Mastering The Mix

Using Reference Tracks Whilst Mixing

 

Why Use Reference Tracks?

 

Reference tracks are used by producers and engineers at all stages of their careers. It’s a great way to make sure our mixes sound as good (or at least comparable) to commercially successful releases. Reference tracks shouldn't stifle your creativity or force you to make decisions that aren't right for the music. Reference tracks help you recalibrate your ears when you’ve been working on a track for a long time. They help you create music that translates well on different playback systems and in different environments.


Preparing the Comparison

 

REFERENCE

 

In your mixing session, load up an instance of REFERENCE as the final plugin on your master bus. REFERENCE should come after your metering plugin but before any speaker/headphone calibration software (if you use it). Drag and drop the reference tracks you want to use onto the Wave Transport and set the mode to FREE. Here is a checklist to follow when selecting your reference tracks:

 

  • Chose reference tracks that are in the same genre as the mix you’re working on.
  • Chose reference tracks with similar instrumentation and sounds to the mix you’re working on.
  • Use reference tracks that you think sound amazing.
  • If possible, select reference tracks that have had commercial success.
  • Use high quality files. You don’t want to try and match your sound to a low quality MP3.

 

Once you’ve loaded your Reference tracks, click the Level Match button to balance the tracks so they all have the same perceived loudness. Your mix will most likely be a lot quieter than your reference tracks giving you the misconception that it has a weaker bass and less clarity in the high frequencies.

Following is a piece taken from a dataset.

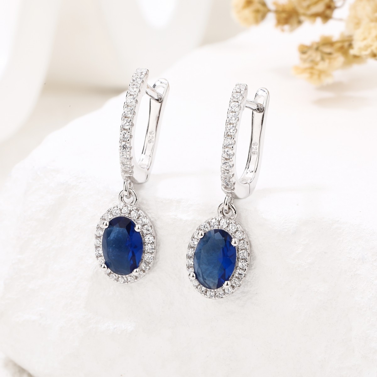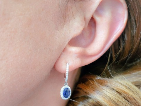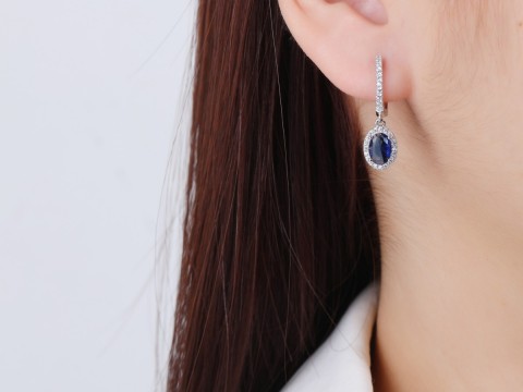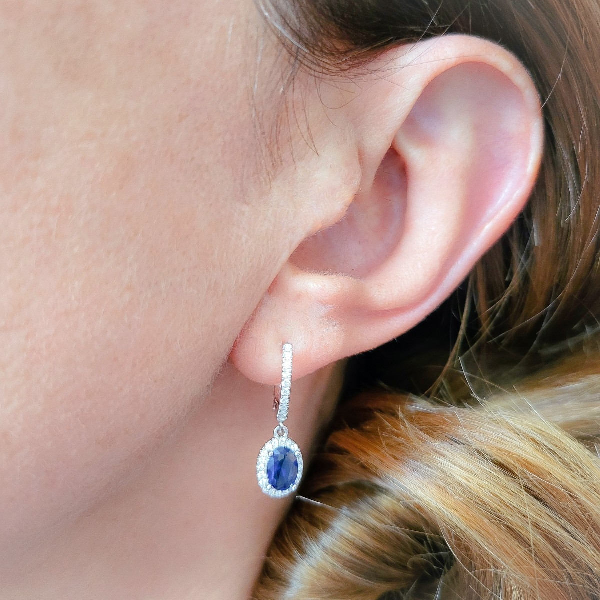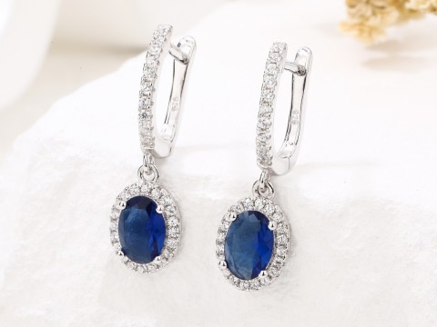 Rodowane kolczyki na angielskim zapięciu z szafirową, owalną cyrkonią otoczoną drobnymi cyrkoniami. Cyrkonie zdobią również zapięcie. Srebro wykończone wysokim połyskiem.

The Level Match button will allow you to compare your mix to the reference tracks without bias, allowing you to make informed mixing decisions.

 

Comparing your mix to the reference tracks

 

Now that your tracks are level matched, you can begin to objectively look at how your mix sounds compared to your reference tracks.

 

Some questions to ask yourself when using reference tracks:

 

  • Are the vocals too hot?
  • Is the Kick level too loud?
  • Is the bass too quiet?
  • How does the reverb, delays and other spacial effects compare?
  • How does the balance compare with other tracks in a similar genre?
  • Is the stereo image wide enough?

 

You might chose to make your mix slightly more dynamic than the mastered reference tracks to compensate for any compression and limiting that might be applied to your mix during mastering.

 

 

Trinity Display

 

When you listen to your reference track and you compare it to your own music, it can be difficult to put your finger on what changes you need to make. The one-of-a-kind Trinity Display uses intelligent algorithms to show you how the balance and punch of your track compares to your reference. You can create from 1 to 5 moveable frequency bands in the Trinity Display. Each band gives you a specific reading of how the punch and balance of your track compares to the punch and balance of your reference in the corresponding frequency band.

Trinity Display

 

Level Lines

 

The white Level Lines show you how the balance of the frequencies in your mix compares to your reference tracks. If the Level Line is above the centre line then those frequencies are more prominent in your mix. If the Level Line is below the centre line then those frequencies are less prominent in your mix. Ctrl+Click anywhere in the Trinity Display to add more frequency bands to get a more detailed view. Ctrl+Click on a frequency band divider to remove it.

 

Trinity Display: creating bands

 

If the Level Line in the low frequency band is lower than the central 0dB line, you may choose to increase the volume of your kick and bass. Alternatively, you may decide that adding EQ boosts to the low end of your bass elements might be a better option to get your low frequencies sounding more comparable to your reference.

 

If the Level Line in the high frequencies is above the central line, you might decide to reduce the volume of your hi-hats, cymbals and sweeping effects. Alternatively, you may decide to create some EQ cuts to reduce the high end energy to make the high frequency energy comparable to your reference. 

 

Punch Dots

 

The purple Punch Dots in the Trinity Display will tell you how the short-term dynamic range of your track compares to the short-term dynamic range of your reference. If the Punch Dots are moving towards the white Level Line then those frequencies are more compressed in the mix. If the Punch Dots are moving away from the Level Line then those frequencies are more dynamic in the mix. The brighter the dots are, the greater the difference in the dynamic range. If the dots are invisible then the dynamic range is the same in that frequency band in both the mix and the reference.

 

The Punch Dots give you a detailed indication of how punchy the different frequencies are in your mix in comparison to your reference. It’s quite easy to hear if your high frequencies are piercingly loud in comparison your reference, but it’s more difficult to tell if they are over-compressed or over-dynamic in comparison.

 

If you create a frequency band ranging from 2k-20kHz, and in that band the Punch Dots are very clear and moving away from the Level Line, then you mix is much more dynamic in that frequency range than your reference track. You may decide to add some compression to the prominent elements of your mix in that frequency range. This insight will help you get your mix sounding closer to the sonic qualities of your reference track.